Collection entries
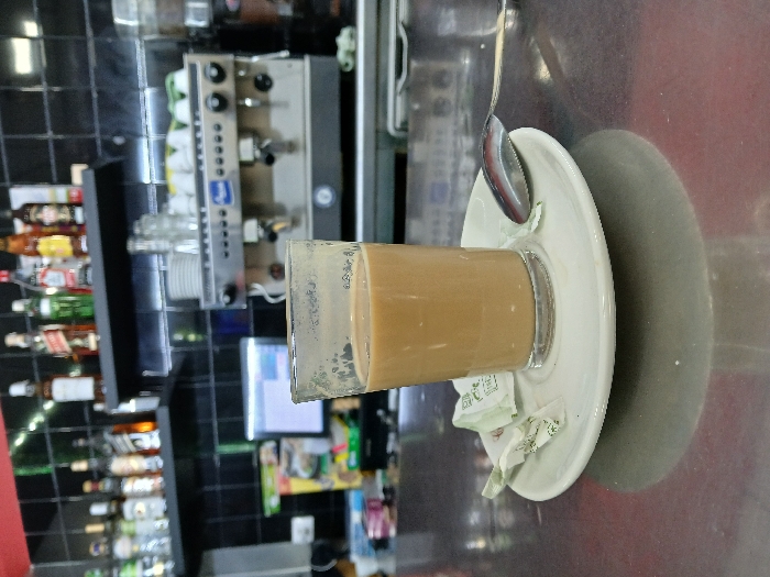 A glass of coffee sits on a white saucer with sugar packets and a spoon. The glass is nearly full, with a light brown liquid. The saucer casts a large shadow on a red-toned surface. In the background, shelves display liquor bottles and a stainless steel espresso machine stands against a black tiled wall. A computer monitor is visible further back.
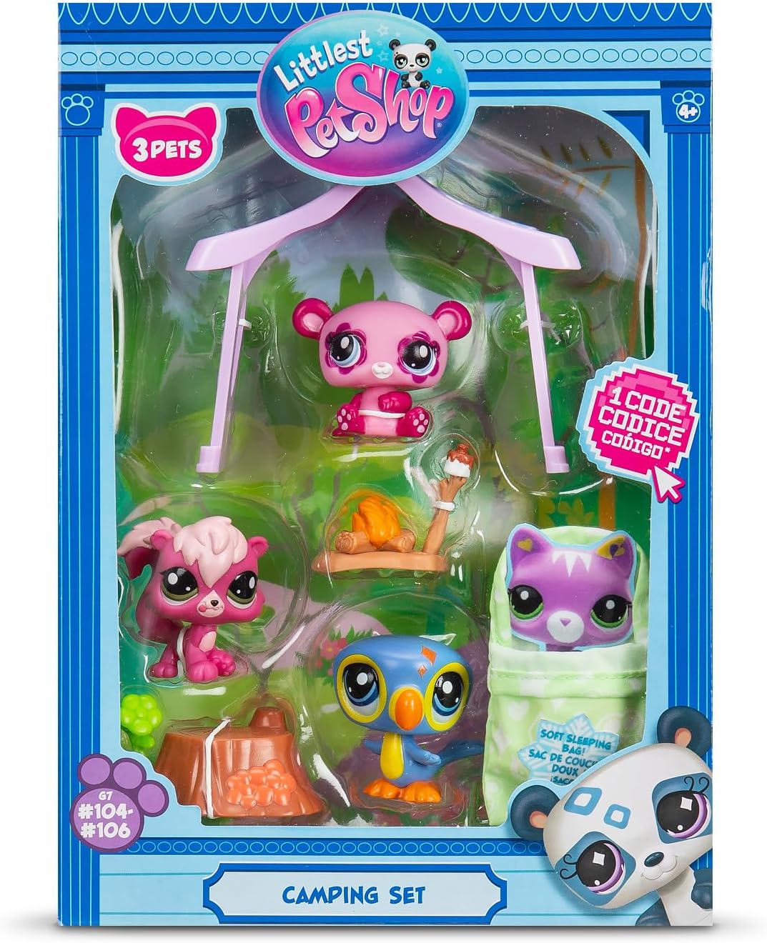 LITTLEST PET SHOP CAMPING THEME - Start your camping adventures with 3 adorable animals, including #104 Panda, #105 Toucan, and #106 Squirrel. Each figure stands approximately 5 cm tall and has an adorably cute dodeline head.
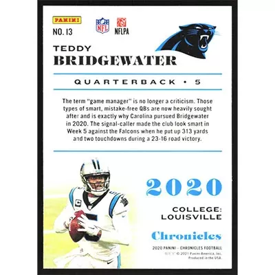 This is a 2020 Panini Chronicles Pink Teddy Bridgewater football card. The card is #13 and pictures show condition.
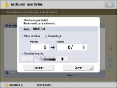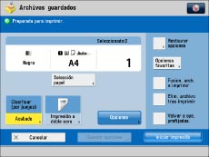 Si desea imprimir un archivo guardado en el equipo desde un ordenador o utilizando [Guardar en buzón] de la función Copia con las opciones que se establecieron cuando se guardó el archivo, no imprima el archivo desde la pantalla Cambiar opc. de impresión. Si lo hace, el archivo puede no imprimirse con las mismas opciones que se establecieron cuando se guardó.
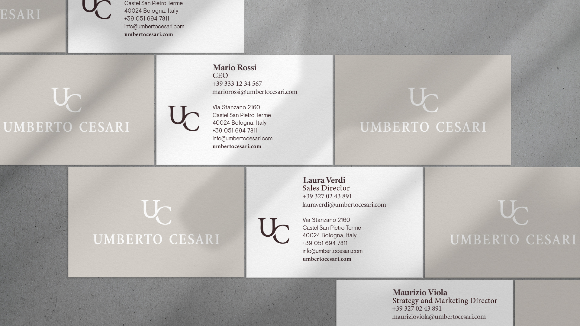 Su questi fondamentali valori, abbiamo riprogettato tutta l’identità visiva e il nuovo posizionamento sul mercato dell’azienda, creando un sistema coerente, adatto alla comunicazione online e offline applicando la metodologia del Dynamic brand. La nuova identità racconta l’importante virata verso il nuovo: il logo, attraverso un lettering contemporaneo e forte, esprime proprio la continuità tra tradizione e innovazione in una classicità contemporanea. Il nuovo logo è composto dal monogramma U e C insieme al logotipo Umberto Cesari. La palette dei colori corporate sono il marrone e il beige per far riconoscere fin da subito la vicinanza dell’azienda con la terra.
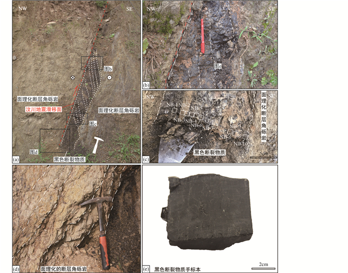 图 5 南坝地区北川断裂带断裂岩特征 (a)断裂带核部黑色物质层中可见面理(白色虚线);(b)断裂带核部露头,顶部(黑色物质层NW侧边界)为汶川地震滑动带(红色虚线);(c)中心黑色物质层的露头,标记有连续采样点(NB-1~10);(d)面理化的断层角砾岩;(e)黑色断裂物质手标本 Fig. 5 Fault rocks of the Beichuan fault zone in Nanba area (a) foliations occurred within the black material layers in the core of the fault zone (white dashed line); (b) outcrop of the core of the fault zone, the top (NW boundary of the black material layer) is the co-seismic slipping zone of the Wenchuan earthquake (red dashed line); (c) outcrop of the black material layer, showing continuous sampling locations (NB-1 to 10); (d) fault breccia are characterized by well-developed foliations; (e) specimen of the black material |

Exercise details:
Each entry above should be copied word for word, with the images omitted.

Answer to this problem:
 A glass of coffee sits on a white saucer with sugar packets and a spoon. The glass is nearly full, with a light brown liquid. The saucer casts a large shadow on a red-toned surface. In the background, shelves display liquor bottles and a stainless steel espresso machine stands against a black tiled wall. A computer monitor is visible further back.
 LITTLEST PET SHOP CAMPING THEME - Start your camping adventures with 3 adorable animals, including #104 Panda, #105 Toucan, and #106 Squirrel. Each figure stands approximately 5 cm tall and has an adorably cute dodeline head.
 This is a 2020 Panini Chronicles Pink Teddy Bridgewater football card. The card is #13 and pictures show condition.
 Si desea imprimir un archivo guardado en el equipo desde un ordenador o utilizando [Guardar en buzón] de la función Copia con las opciones que se establecieron cuando se guardó el archivo, no imprima el archivo desde la pantalla Cambiar opc. de impresión. Si lo hace, el archivo puede no imprimirse con las mismas opciones que se establecieron cuando se guardó.
 Su questi fondamentali valori, abbiamo riprogettato tutta l’identità visiva e il nuovo posizionamento sul mercato dell’azienda, creando un sistema coerente, adatto alla comunicazione online e offline applicando la metodologia del Dynamic brand. La nuova identità racconta l’importante virata verso il nuovo: il logo, attraverso un lettering contemporaneo e forte, esprime proprio la continuità tra tradizione e innovazione in una classicità contemporanea. Il nuovo logo è composto dal monogramma U e C insieme al logotipo Umberto Cesari. La palette dei colori corporate sono il marrone e il beige per far riconoscere fin da subito la vicinanza dell’azienda con la terra.
 图 5 南坝地区北川断裂带断裂岩特征 (a)断裂带核部黑色物质层中可见面理(白色虚线);(b)断裂带核部露头,顶部(黑色物质层NW侧边界)为汶川地震滑动带(红色虚线);(c)中心黑色物质层的露头,标记有连续采样点(NB-1~10);(d)面理化的断层角砾岩;(e)黑色断裂物质手标本 Fig. 5 Fault rocks of the Beichuan fault zone in Nanba area (a) foliations occurred within the black material layers in the core of the fault zone (white dashed line); (b) outcrop of the core of the fault zone, the top (NW boundary of the black material layer) is the co-seismic slipping zone of the Wenchuan earthquake (red dashed line); (c) outcrop of the black material layer, showing continuous sampling locations (NB-1 to 10); (d) fault breccia are characterized by well-developed foliations; (e) specimen of the black material |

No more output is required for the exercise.